The 85-year-old Holmes, while of course a revered figure in American law, was also by this time a lazy and sloppy crank uninterested in the facts of the cases he was hearing, and virtually everything in his opinion is false or misleading. An even cursory glance at the record would have shown that Carrie did not received due process, most notably because of grossly inadequate legal representation. (Even if YANAL, if the state was trying to sterilize your client on the grounds of feeble-mindedness, but didn’t put any of Carrie’s teachers on the stand although they did call teachers of some of her distant relatives, what would you do? Right. Carrie’s lawyer, Irving Whitehead, didn’t, and made countless similar glaring mistakes, most notably cross-examinations that insulted Carrie and helped make the state’s incredibly weak case.) The state’s “evidence” that Carrie and her mother were “feeble minded” rested on a single crude test not designed as a test of general intelligence, and the state’s contention that Carrie’s 8-month-old daughter was “feeble minded” was based on the vague diagnosis of a nurse.
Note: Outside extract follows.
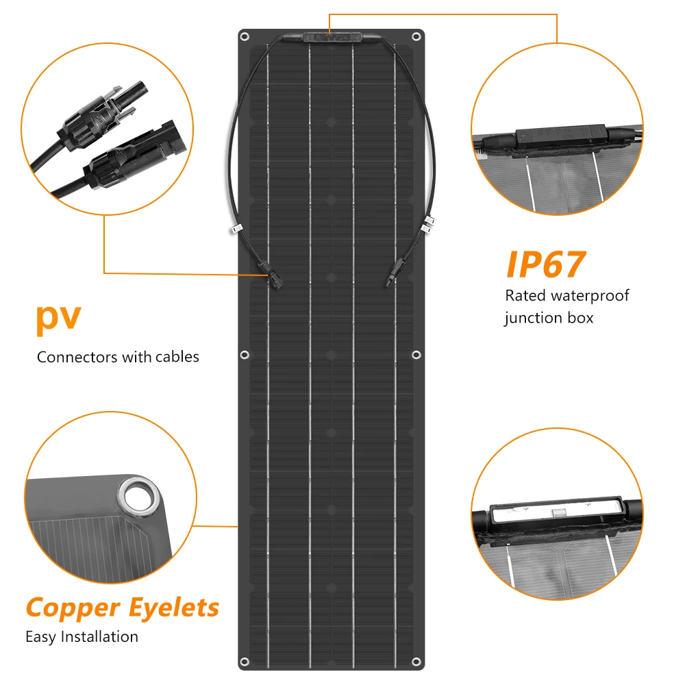 A. Простота в использовании: Полугибкие панели могут быть установлены на неровных поверхностях, таких как крыши RV, лодки, палатки, сводчатые крыши и т. Д. До 25-30 градусов. B. Он имеет высокую эффективность, светильник вес, легко повесить, разобрать и носить с собой. C. Простота установки: металлические отверстия в четырех углах изделия для фиксации винтов и крепления. Каждая солнечная панель была протестирована несколько раз. D. С контроллером заряда может заряжать батареи 12 В E. Быстрая местная доставка в Испании, Бельгии, Чехии,

The analogy between mandatory sterilization and mandatory vaccination is very weak, given that the former is much more intrusive, and the threats to public health comparable only if you make the fascist assumptions about society being “swamped with incompetence” that permeate Holmes’s opinion.

The opinion was 8-1, with Pierce Butler — a reactionary but the Court’s only Roman Catholic — dissenting without opinion. Louis Brandeis joined the majority, and while I would caution that this was a period in which there was a strong norm that justices not write separate opinions, a lot of liberals of this period were sympathetic to eugenics. Carrie was sterilized, as were many more men and women in the subsequent decades. The decision has never been overruled although Skinner v. Oklahoma held that singling out some people and not others similarly situated for sterilization was unconstitutional.

By the criteria I set out in my initial post — bad reasoning, immoral constitutional theory, and/or bad consequences — Buck v. Bell is one of the very, very worst Supreme Court decisions ever, worse than numerous more famous cases in the anticanon. I will defend this judgment in a follow-up post. Many of the facts in his post are derived from Adam Cohen’s superb history of the case, Imbeciles.